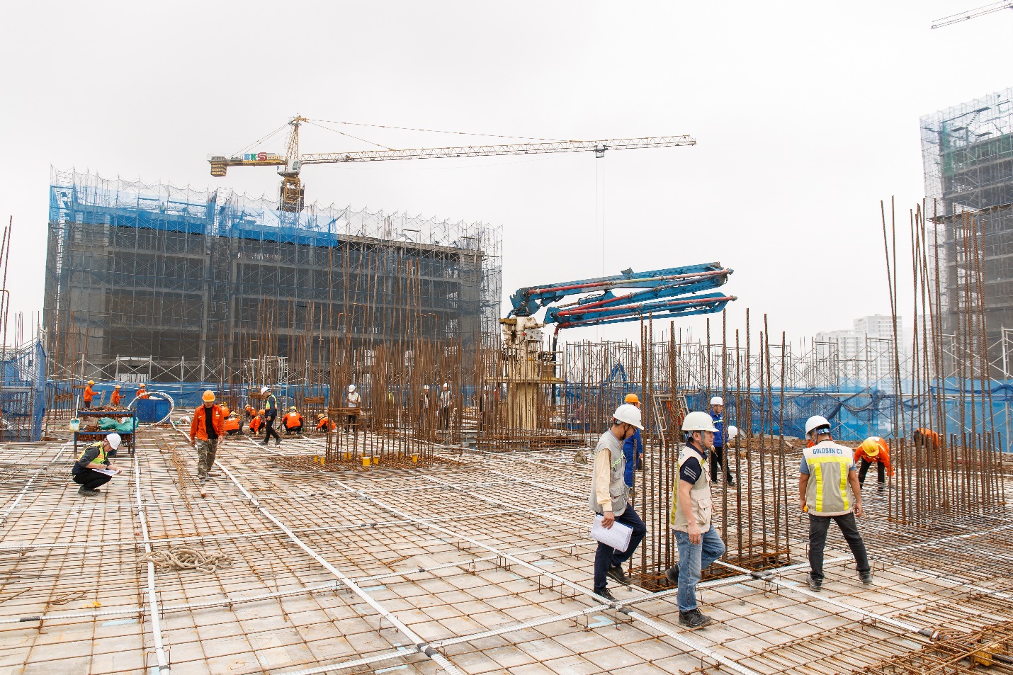 Những hình ảnh trực tiếp từ công trường cho thấy không khí làm việc khẩn trương với hàng trăm công nhân lao động và kỹ sư. Các ca làm việc nối tiếp trong khi máy móc vận hành hết công suất để theo kịp tiến độ.
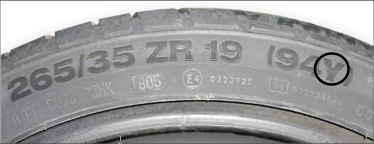 — Символ скорости : указывает максимальную скорость, при которой каждая шина может выдерживать нагрузку, соответствующую индексу нагрузки.
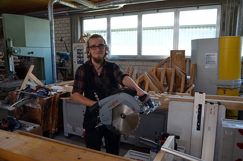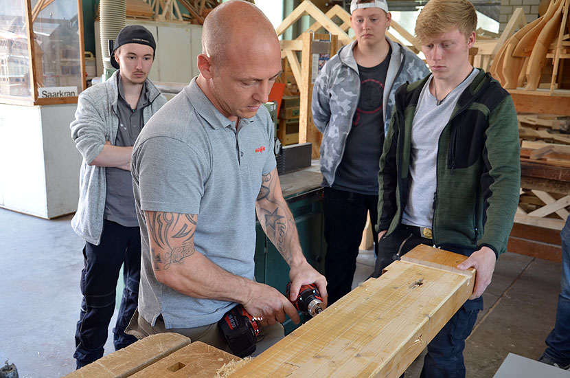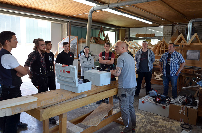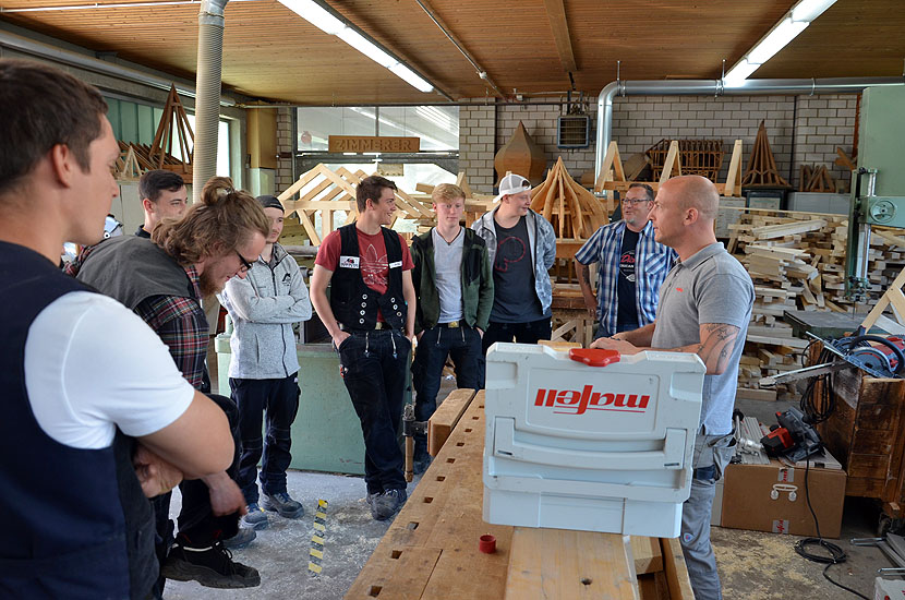 Der Fachberater Mario Maßem der Firma Mafell und Marco Kürten der Firma Hees + Peters (als Vertriebspartner der Firma Mafell) stellten den Auszubildenden des Zimmererhandwerks das neue Maschinenprogramm der Firma Mafell vor .
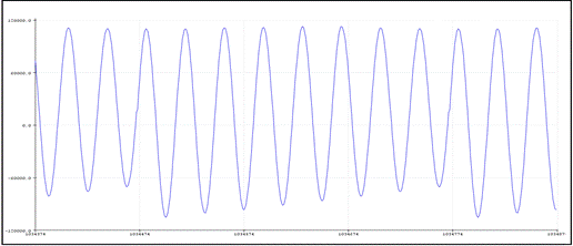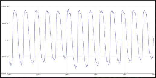 After the FFT execution, it was identified the existence of harmonics in the investigated loads. Also, from the stored vectors, which harmonics could be eliminated. For this purpose, the inverse FFT execution routine was applied to the calculated complex vector. Figures 13, 14 and 15, show the inverse Fourier transform performed by the microcontroller. Figure 13 shows the inverse transform for all FFT harmonic indices. Figure 14, shows the waveform of the inverse FFT applied over the normalized harmonics above order 2, frequencies below 80Hz were suppressed for the calculation. Finally, Figure 15 indicates the inverse transform of the fundamental frequency, values around 60Hz.
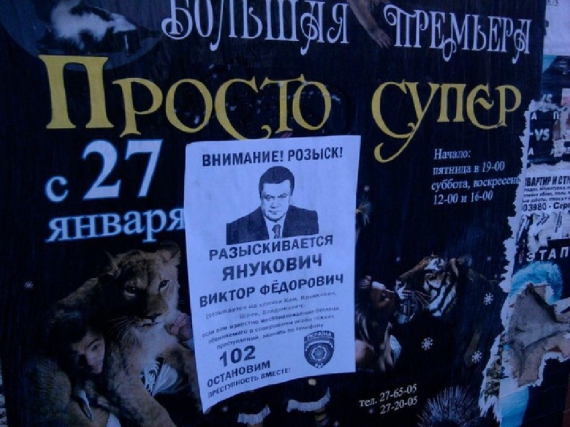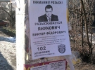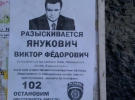 "Шукаємо Януковича* Віктора Федоровича (відгукується на клички Хам, Ялинкович, Шрек, Бандюкович). Якщо вам відоме місцезнаходження втікача, обвинуваченого в скоєнні особливо тяжких злочинів, дзвонити по телефону 102. Зупинимо злочинність разом!" - значиться на листівках.

=-=-=-=-=

REQUIRED ACTION - A verbatim transcript of the entries above is required, with the pictures left out.

YOUR RESPONSE -
 Những hình ảnh trực tiếp từ công trường cho thấy không khí làm việc khẩn trương với hàng trăm công nhân lao động và kỹ sư. Các ca làm việc nối tiếp trong khi máy móc vận hành hết công suất để theo kịp tiến độ.
 — Символ скорости : указывает максимальную скорость, при которой каждая шина может выдерживать нагрузку, соответствующую индексу нагрузки.
 Der Fachberater Mario Maßem der Firma Mafell und Marco Kürten der Firma Hees + Peters (als Vertriebspartner der Firma Mafell) stellten den Auszubildenden des Zimmererhandwerks das neue Maschinenprogramm der Firma Mafell vor .
 After the FFT execution, it was identified the existence of harmonics in the investigated loads. Also, from the stored vectors, which harmonics could be eliminated. For this purpose, the inverse FFT execution routine was applied to the calculated complex vector. Figures 13, 14 and 15, show the inverse Fourier transform performed by the microcontroller. Figure 13 shows the inverse transform for all FFT harmonic indices. Figure 14, shows the waveform of the inverse FFT applied over the normalized harmonics above order 2, frequencies below 80Hz were suppressed for the calculation. Finally, Figure 15 indicates the inverse transform of the fundamental frequency, values around 60Hz.
 "Шукаємо Януковича* Віктора Федоровича (відгукується на клички Хам, Ялинкович, Шрек, Бандюкович). Якщо вам відоме місцезнаходження втікача, обвинуваченого в скоєнні особливо тяжких злочинів, дзвонити по телефону 102. Зупинимо злочинність разом!" - значиться на листівках.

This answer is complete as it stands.